Start of AVAILABLE DATA
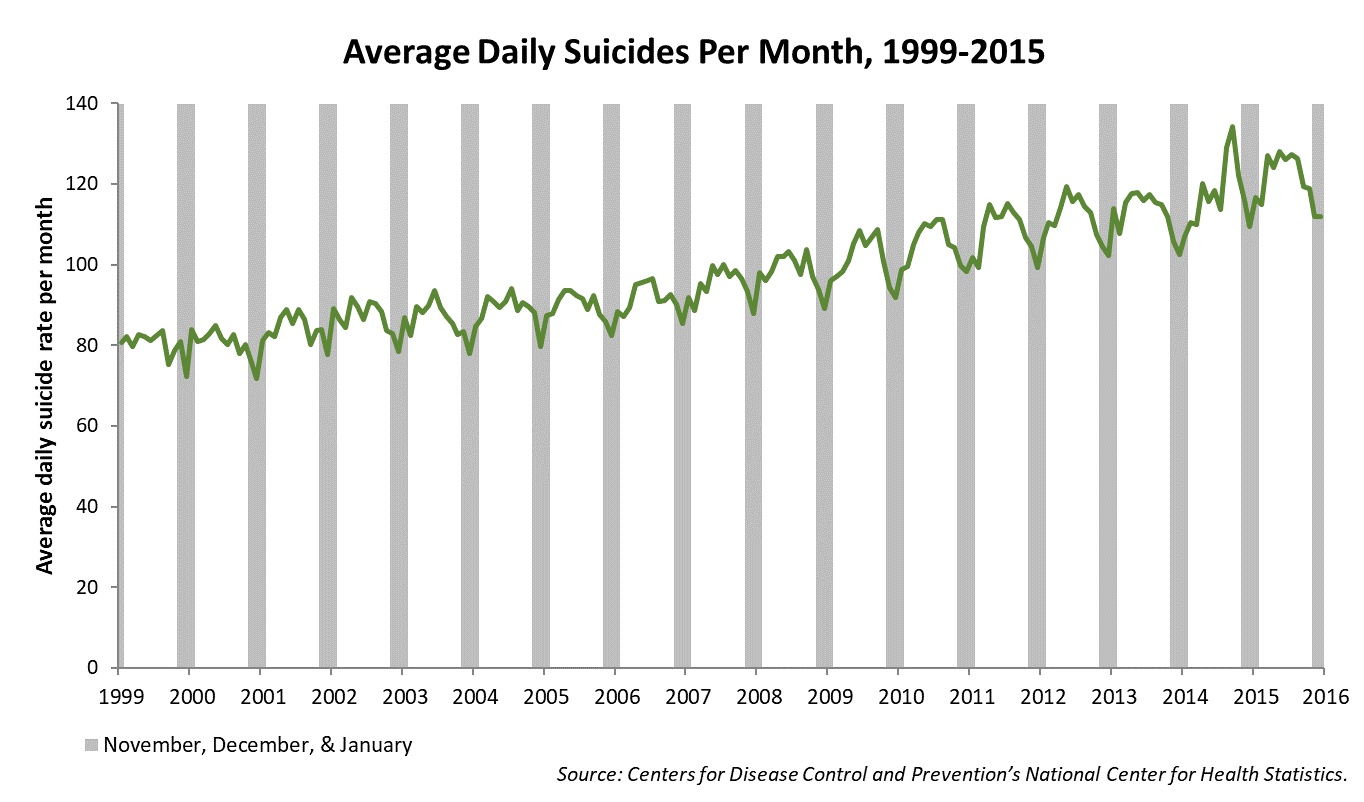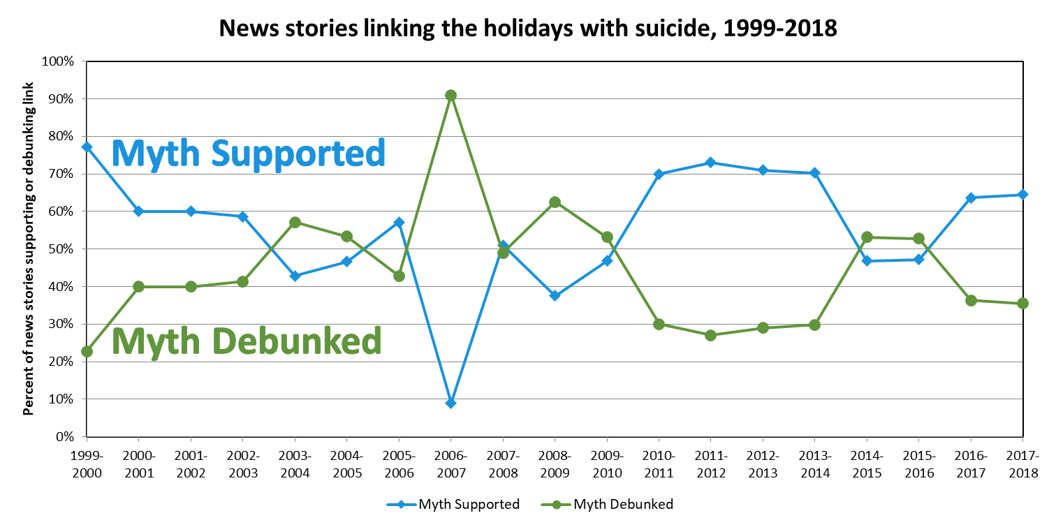 Despite the fact that the holiday season has some of the lowest average daily suicide rates, some journalists continue to perpetuate the holiday-suicide myth.
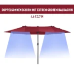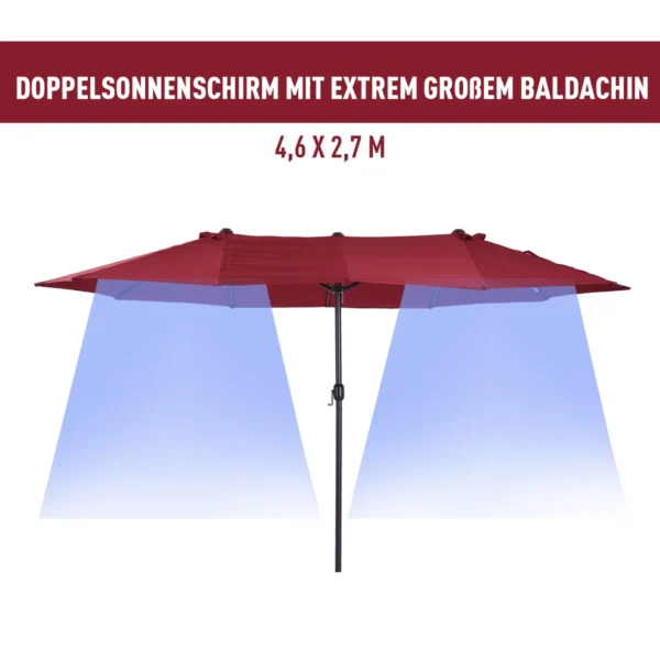 Du kartus geriau! Visiems, ieškantiems šiek tiek daugiau šešėlio šiltomis dienomis, mūsų aukštos kokybės dvigubas skėtis iš Outsunny puikiai tiks. Jūsų sodo skėtis visada gerai atrodo sode, terasoje, paplūdimyje ar kartu keliaujant kempinge. Atidarymas ir uždarymas yra vaikiškas žaidimas naudojant pritvirtintą rankinį švaistiklį. Dvylika aukštos kokybės metalinių statramsčių užtikrina aukštą stabilumą. Vasara gali ateiti!
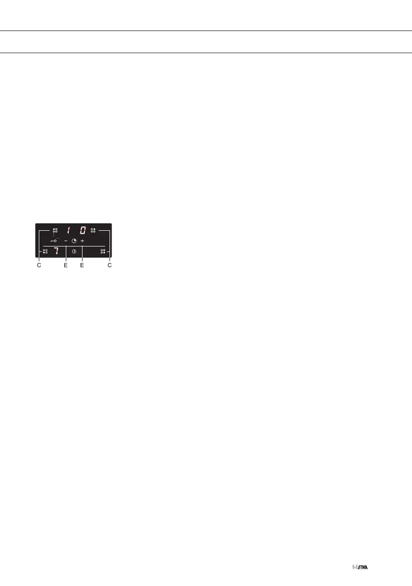 ▷ Wenn Sie zuvor bereits ein Kochfeld (C) eingeschaltet haben,
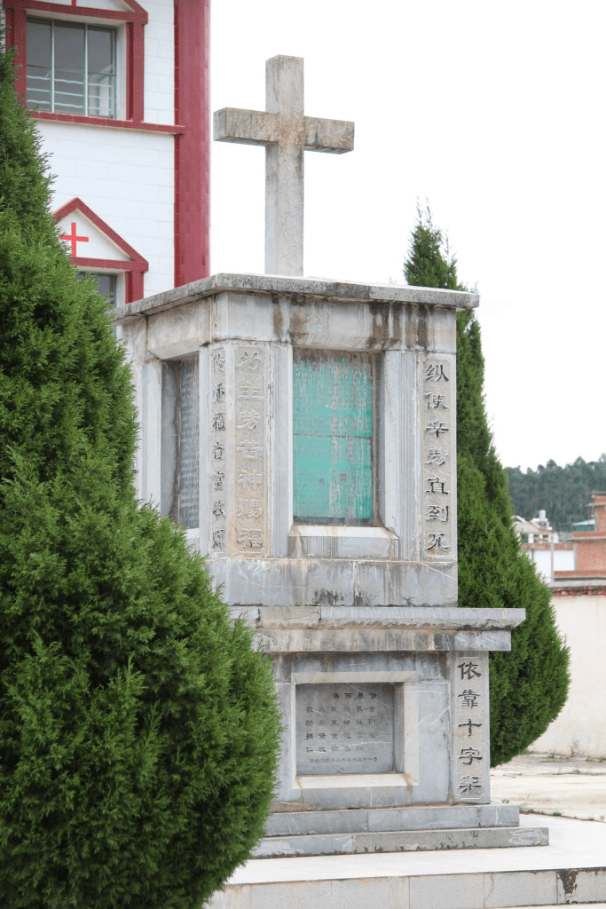我會想要去青華基督教堂,是因為裡面有我想看的傳教士富能仁紀念碑,我問了佤族大姐,她跟我說這地方在農村裡面,不太好找,連她都不知道,但我就是有一股堅持,想要去看看這座紀念碑,看了網路的介紹說,碑上有中文、英文、還有傈僳文(少數民族傈僳族的拼音文字)。
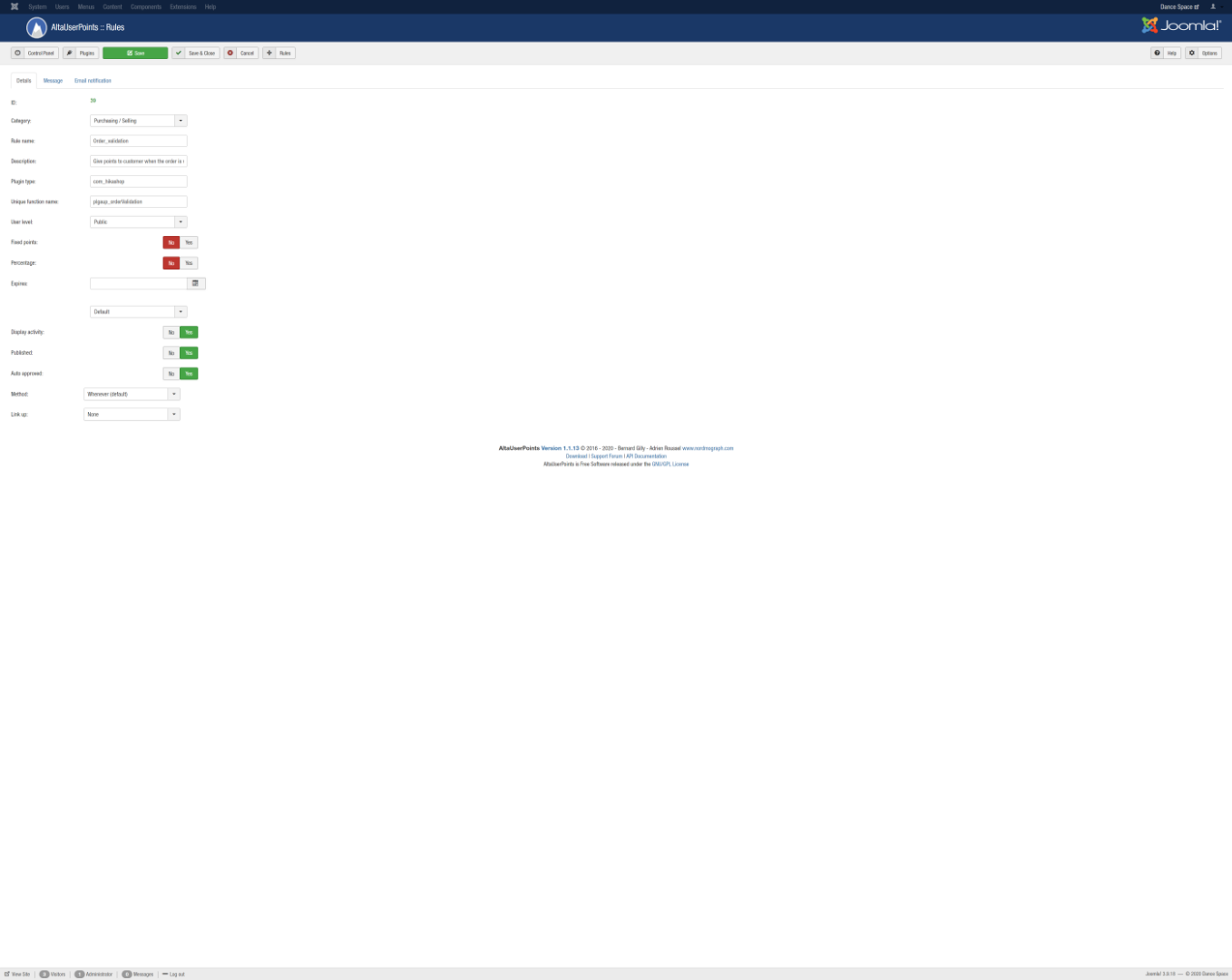 Hello Nicolas! I use Alta User Points on the site, and a plugin for purchase on Hikashop, which accrues points depending on the number of purchased goods .. like this is written in the instructions for this plugin -
End of AVAILABLE DATA
● REQUIRED WORK
Transcribe the listing word for word, but keep its pictures out of the copy.

● EXPECTED ANSWER
 Despite the fact that the holiday season has some of the lowest average daily suicide rates, some journalists continue to perpetuate the holiday-suicide myth.
 Du kartus geriau! Visiems, ieškantiems šiek tiek daugiau šešėlio šiltomis dienomis, mūsų aukštos kokybės dvigubas skėtis iš Outsunny puikiai tiks. Jūsų sodo skėtis visada gerai atrodo sode, terasoje, paplūdimyje ar kartu keliaujant kempinge. Atidarymas ir uždarymas yra vaikiškas žaidimas naudojant pritvirtintą rankinį švaistiklį. Dvylika aukštos kokybės metalinių statramsčių užtikrina aukštą stabilumą. Vasara gali ateiti!
 ▷ Wenn Sie zuvor bereits ein Kochfeld (C) eingeschaltet haben,
我會想要去青華基督教堂,是因為裡面有我想看的傳教士富能仁紀念碑,我問了佤族大姐,她跟我說這地方在農村裡面,不太好找,連她都不知道,但我就是有一股堅持,想要去看看這座紀念碑,看了網路的介紹說,碑上有中文、英文、還有傈僳文(少數民族傈僳族的拼音文字)。
 Hello Nicolas! I use Alta User Points on the site, and a plugin for purchase on Hikashop, which accrues points depending on the number of purchased goods .. like this is written in the instructions for this plugin -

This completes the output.